§ Assigned task:
From the line containing "Massindo Group Raih" to the last line of the listing, both included, copy every line exactly and drop the pictures.

§ Data block:

....................

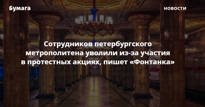 Сотрудников Петербургского метрополитена уволили из-за участия в протестных акциях, пишет «Фонтанка»
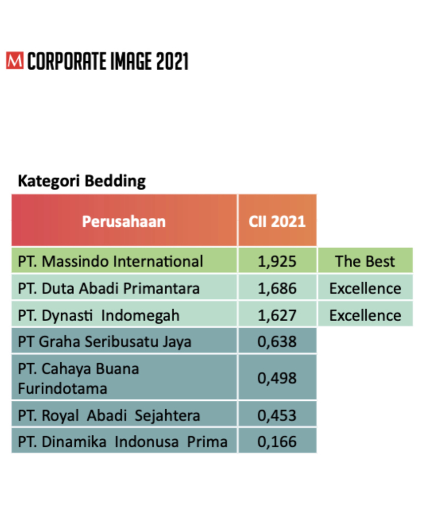 Massindo Group Raih Predikat Perusahaan Paling Dikagumi (“Indonesia’s Most Admired Company”) Jakarta, 12 Juni 2017 – Produsen Comforta spring bed, PT. Massindo International (Massindo Group), kembali Read more ...
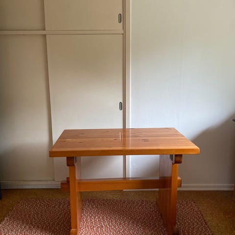1 fyrretræs sofabord. Mål: 136 x 76 x 54cm 50kr .
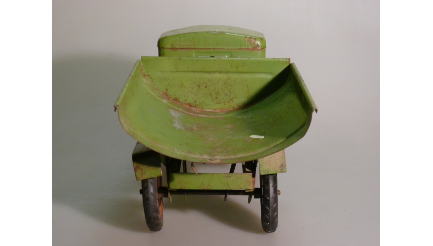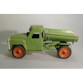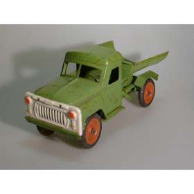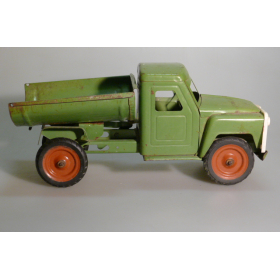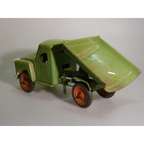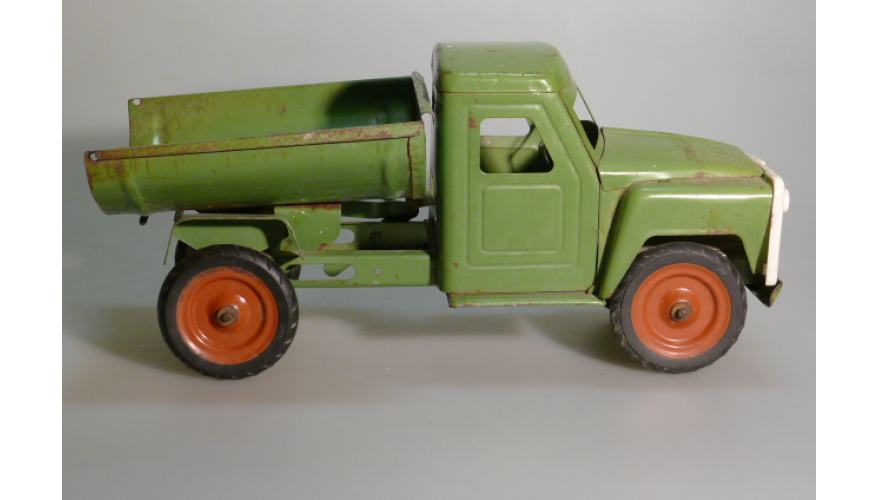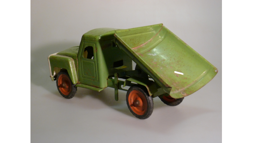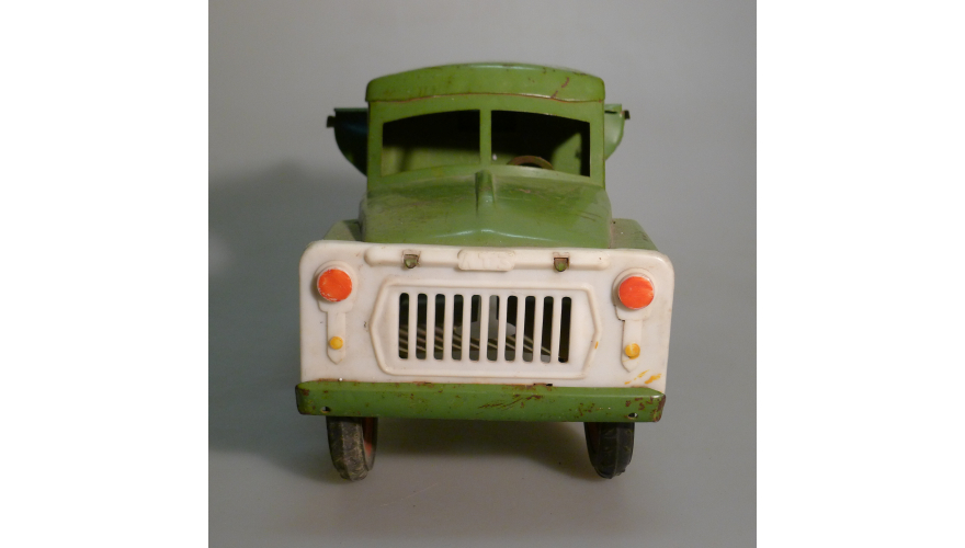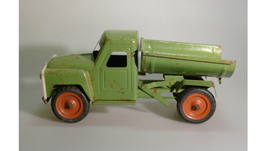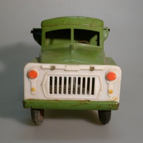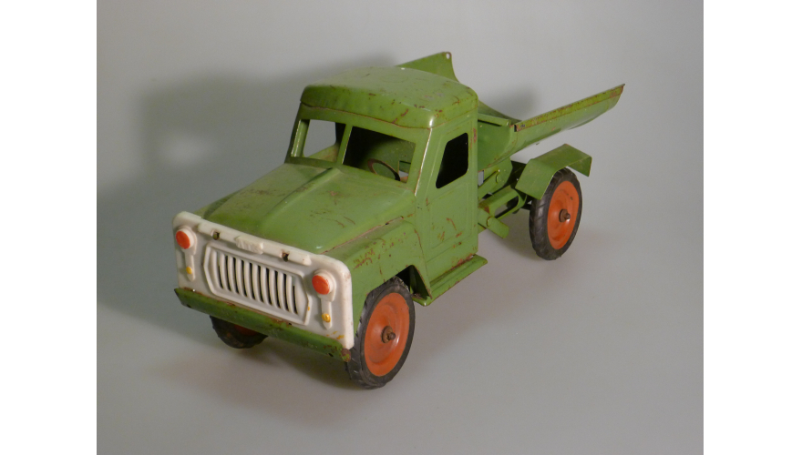 Игрушка производства СССР 70-80 годы. Большой жестяной грузовой автомобиль Газ самосвал, зеленого цвета. Длина 43 см., высота 20 см., ширина 20 см. Игрушка не продается, коллекция музея «ХОББИПЛЮС».

....................

§ Exercise output:
 Massindo Group Raih Predikat Perusahaan Paling Dikagumi (“Indonesia’s Most Admired Company”) Jakarta, 12 Juni 2017 – Produsen Comforta spring bed, PT. Massindo International (Massindo Group), kembali Read more ...
1 fyrretræs sofabord. Mål: 136 x 76 x 54cm 50kr .
 Игрушка производства СССР 70-80 годы. Большой жестяной грузовой автомобиль Газ самосвал, зеленого цвета. Длина 43 см., высота 20 см., ширина 20 см. Игрушка не продается, коллекция музея «ХОББИПЛЮС».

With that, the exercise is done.